Has the ad campaign worked? According to information provided by the government, enrollments surged as the deadline neared. By mid-March, the government reported that 5 million had enrolled, then 6 million a few days ago. Some people hold out hope that enrollments might hit 7 million. The 7 million figure has some significance, because the Congressional Budget Office initially forecast that 7 million enrollments were needed during the open enrollment period, although the CBO later revised that forecast to 6 million.

It’s not entirely clear what these numbers represent. There are supposed to be 48 million residents in the United States who do not have health insurance; 7 million is only a small fraction of the uninsured whole. What do we do about the remaining millions of uninsured people? Moreover, it’s not clear how many of the people who have enrolled through the exchanges were formerly uninsured, either. Many of the users of the health exchange websites apparently were people who were insured but whose policies were terminated because they lacked mandatory provisions required by the Affordable Care Act. There are also valid questions about how many of the enrollees have actually paid premiums and therefore have coverage.

There will be a lot of information coming our way over the next few days and weeks about Obamacare.
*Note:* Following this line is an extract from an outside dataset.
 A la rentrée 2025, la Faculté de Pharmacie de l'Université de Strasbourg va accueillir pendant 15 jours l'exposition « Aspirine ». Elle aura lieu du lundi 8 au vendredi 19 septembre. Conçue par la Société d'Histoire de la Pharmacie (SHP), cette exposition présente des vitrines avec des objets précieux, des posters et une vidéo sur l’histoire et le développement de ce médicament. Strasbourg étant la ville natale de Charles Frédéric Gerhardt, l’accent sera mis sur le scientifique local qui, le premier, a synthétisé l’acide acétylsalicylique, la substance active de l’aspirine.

The Affordable Care Act is such a hot-button issue — and the impending elections in November will keep it so — that supporters and opponents of the law are sure to massage and select the data to favor their positions. The average voter would do well to apply skepticism to the messaging from both sides of the Obamacare debate.
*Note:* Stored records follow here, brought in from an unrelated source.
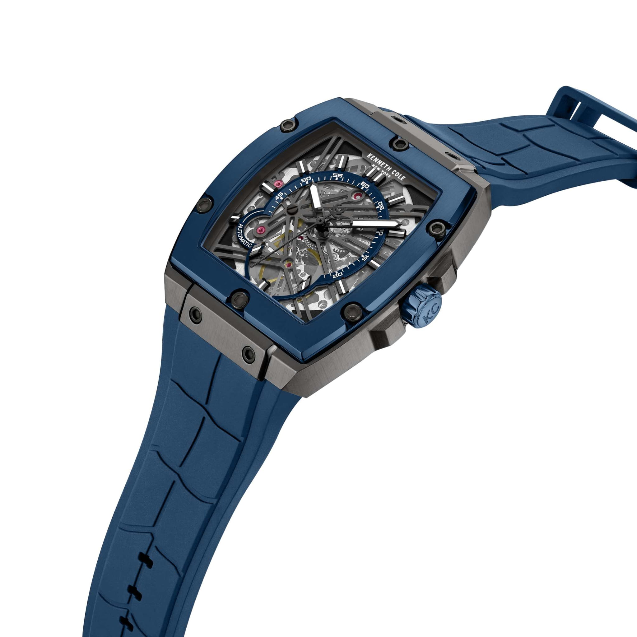 Kenneth Cole KCWGZ0067801 — мужская автоматическая модель с ярко выраженным современным стилем и эффектным скелетонизированным циферблатом. Корпус бочкообразной формы изготовлен из нержавеющей стали с тёмным PVDPVDУльтратонкое покрытие наносится в технике вакуумного напыления, сочетает в себе нитрид титана особой прочности со слоем золота или оксида хрома. Несёт в себе декоративную или защитную функцию.-покрытием и декорирован винтами на безелеБезельВнешний ободок, закрепляющий стекло. В спортивных часах так называется поворотное кольцо с делениями на циферблате, выполняет роль таймера – замеряет отрезки времени на шкале. Неподвижный безель – элемент декора. Однонаправленно вращающийся безель на дайверских часах позволяет фиксировать моменты погружения и выныривания на поверхность., что подчёркивает индустриальный характер часов. Архитектурный циферблат с открытой конструкцией демонстрирует работу автоматического механизма, а стрелки и метки с люминесцентным покрытиемЛюминесцентное покрытиеПозволяет считывать показания времени в темноте. Производители наносят на стрелки, часовые индексы, безель или поверхность циферблата светонакопительный состав, дающий холодное свечение. обеспечивают читаемость даже при слабом освещении. Защитную роль выполняет минеральное стеклоМинеральное стеклоМинеральное стекло представляет собой искусственно выращенный минерал кварца. Такое стекло отличается особой устойчивостью к повреждениям и царапинам. Уступает по некоторым качествам сапфировому стеклу., устойчивое к повседневным повреждениям. Модель дополнена каучуковым ремешком, который подчеркивает спортивный акцент и гарантирует комфортное ношение.
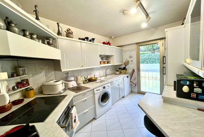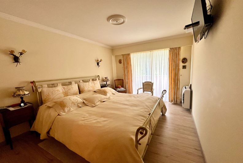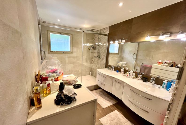 VENCE, close to the city center, beautiful unobstructed view all the way to the sea and peaceful, Spacious apartment on the raised ground floor, including entrance hall, double living room, independent equipped kitchen, two large bedrooms each with their own shower room – Italian shower/ WC, WC, dressing room, and closets. Terrace, 2 cellars, and 2 private parking spaces. - Possible to divide into 3 rooms + independent studio - - Generous spaces, high-quality finishes -
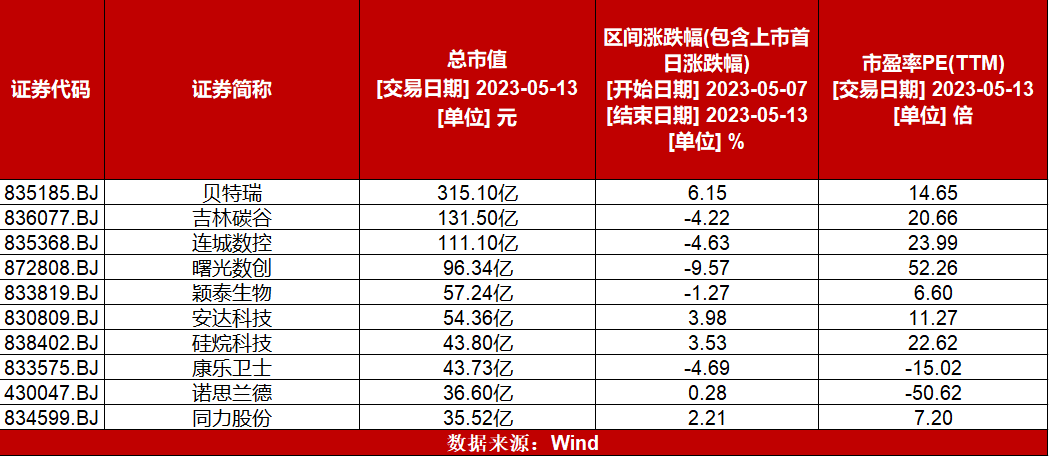 个股方面,北交所市值排名前十的个股,涨跌互现,贝特瑞涨幅6.15%;吉林碳谷跌幅4.22%;连城数控跌幅4.63%;曙光数创跌幅9.57%;颖泰生物跌幅1.27%;安达科技涨幅3.98%;硅烷科技涨幅3.53%;康乐卫士跌幅4.69%;诺思兰德涨幅0.28%;同力股份涨幅2.21%。

If you’re someone who bought a new policy through healthcare.gov, the ultimate question about your fellow enrollees is: who are these people, and how sick are they? Insurance fundamentally involves a pooling of risk, and the cost of health insurance is directly tied to who else is in your pool. If you’re in a group with lots of young, healthy people who don’t need much health care, your premiums will be lower than if you’re in a group with a preponderance of sick people who regularly need expensive medical attention. We won’t know the true actuarial makeup of the new plans until the people who are covered begin to make claims, the claims get processed and paid, and the insurance companies look at the results and decide whether the pricing of the plans needs to be adjusted — and if so by how much. If health care costs increase dramatically, few people are going to consider Obamacare a success no matter how many people have enrolled.

It will be nice to see some new ads once the March 31 deadline passes, but everyone needs to take a deep breath. This initial deadline is just one step in a very long process, and we won’t know the outcome until we are much farther down the road.

Our Cutting-Edge Government

On Saturday the Washington Post published a stunning news article — one of those pieces that make you shake your head in wonder and disgust.

The story, by reporter David Fahrenthold, is about how the Office of Personnel Management — the main agency charged with human resources function for federal employees — processes the retirement paperwork of those federal employees. And “paperwork” is apt, because even though it is March 2014, the process is done almost entirely by hand and almost entirely on paper. Imagine! And to make it even weirder, it all happens underground, in a remote abandoned mine in Pennsylvania that received paper forms by the truckload and is filled with filing cabinets. That’s right — filing cabinets.

Using its antiquated process, it takes 61 days for the Office of Personnel Management to complete the retirement process. By contrast it takes Texas two days.

Does any large private company still process personnel actions on paper and by hand? Do any still maintain filing cabinets of sensitive personnel documents?

No wonder these guys botched the job of designing a functioning website!